| |
| |
| |
[1993/1]
P.F. Thomése
Stille wateren
Er volgde een tijd dat Herman Visch zich probeerde te bekwamen in het zwijgen. Praten kwam hem nutteloos en zelfs schadelijk voor. Waar leidde het allemaal toe, de woorden die hij, onachtzaam, had laten slingeren in cafés, bij vrienden en kennissen, in winkels zelfs of midden op straat, ergens bij een deur? Hij kon razend worden van machteloosheid, wanneer hij besefte dat hij die woorden niet meer kon terughalen en, erger nog, zich niet meer kon herinneren wat hij daar of daar nu eigenlijk had gezegd. Ze waren los van hem geraakt, ze dobberden nu ergens rond in iemands hoofd, ze werden misschien wel doorgegeven, van het ene hoofd in het andere, slordig en onverschillig, zodat ze op den duur vermengd raakten met woorden van anderen, van vreemden, zonder dat iemand echter op het idee zou komen dat het allang niet meer om hem ging. Er ontstond op die manier een beeld van hem dat niets met hem had uit te staan, maar waar hij toch niet van af kon komen, aangezien men als bewijs zou aanvoeren: ‘Ik heb het hem zelf horen zeggen.’
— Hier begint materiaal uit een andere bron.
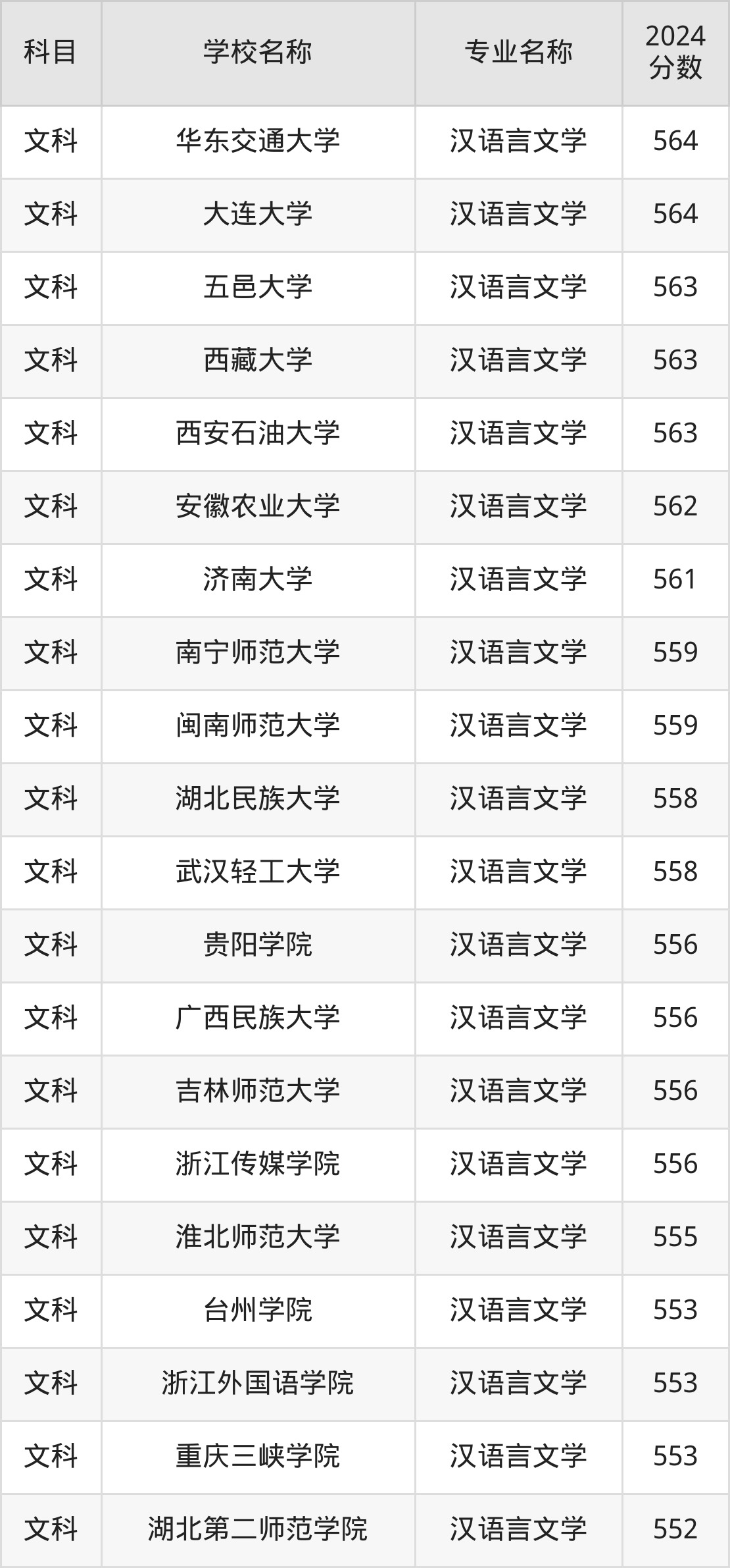 | 西南林业大学 | 汉语言文学(校 本部) | 553 |

In feite had Herman Visch helemaal geen reden om zich over zulke zaken druk te maken, want hij gold bepaald niet als een veelbesproken figuur. Hij was zo'n onopvallende verschijning van wie hoogstens wordt opgemerkt: ‘O ja, die was er ook.’ Dat hij zich aangetrokken voelde tot de stilte, had dan ook niet zozeer te maken met mogelijke praatjes die over hem de ronde zouden doen, maar veeleer met zijn eigen verwarring. Door te zwijgen hoopte hij de onrust in zijn kop te onderdrukken, de kolkende maalstroom van achterafgedachten die op gang kwam nadat hij zich ergens had laten gaan, er op los had zitten praten, en daarna was gaan vrezen zich te hebben verloochend, zich te hebben vergooid, iets te hebben verraden. De woorden waren te gemakkelijk gekomen, hij had ze niet eerst kunnen wikken en wegen, er waren leugens en verzinsels meegeslibd, aanstellerigheden en grootspraak, toezeggingen die hij nooit zou kunnen waarmaken en laffe vleierijen. En omdat ze gezegd waren, bleven ze van hem, ze kleefden hem aan en zogen zich in hem vast.
Bovendien was hij bang dat hij zelf in zijn eigen praatjes zou gaan geloven. Ze klonken soms zo overtuigend dat hij per ongeluk kon gaan denken dat hij ze meende. Bijna was hij klepperdeklep door het Duitse romantische landschap, zich verpozend op oude buitens en zich vermeiend in benevelde vergezichten, verliefd geworden op een meisje dat hem, als hij zijn mond had gehouden en zich tot de feiten had beperkt, volslagen onverschillig liet. En als hij zich tegenover Henkie had laten meeslepen in zijn lust tot imponeren, waren zijn eigen praatjes hem wellicht zelfs fataal geworden: zo'n wonder van borst en bil, zoals hij zoëven beschreven had, dat liet je toch niet gaan? Herman walgde ervan. Voor een ogenblik gaf hij Ida de schuld, en zelfs Henkie, maar vooral haar. Hij zou haar willen straffen, vernederen. In een opwelling zag hij voor zich hoe hij zijn broekriem zou loshalen om haar af te ranselen. Teef! Sloerie! Wat denk je wel! De gedachte luchtte hem niet op. Integendeel, want de walging die hij voelde, gold niet haar. Hij walgde van zichzelf. Hij walgde van zijn eigen praatjes, waar hij in verstrikt raakte, die hem insnoerden tot hij bijna stikte van schaamte.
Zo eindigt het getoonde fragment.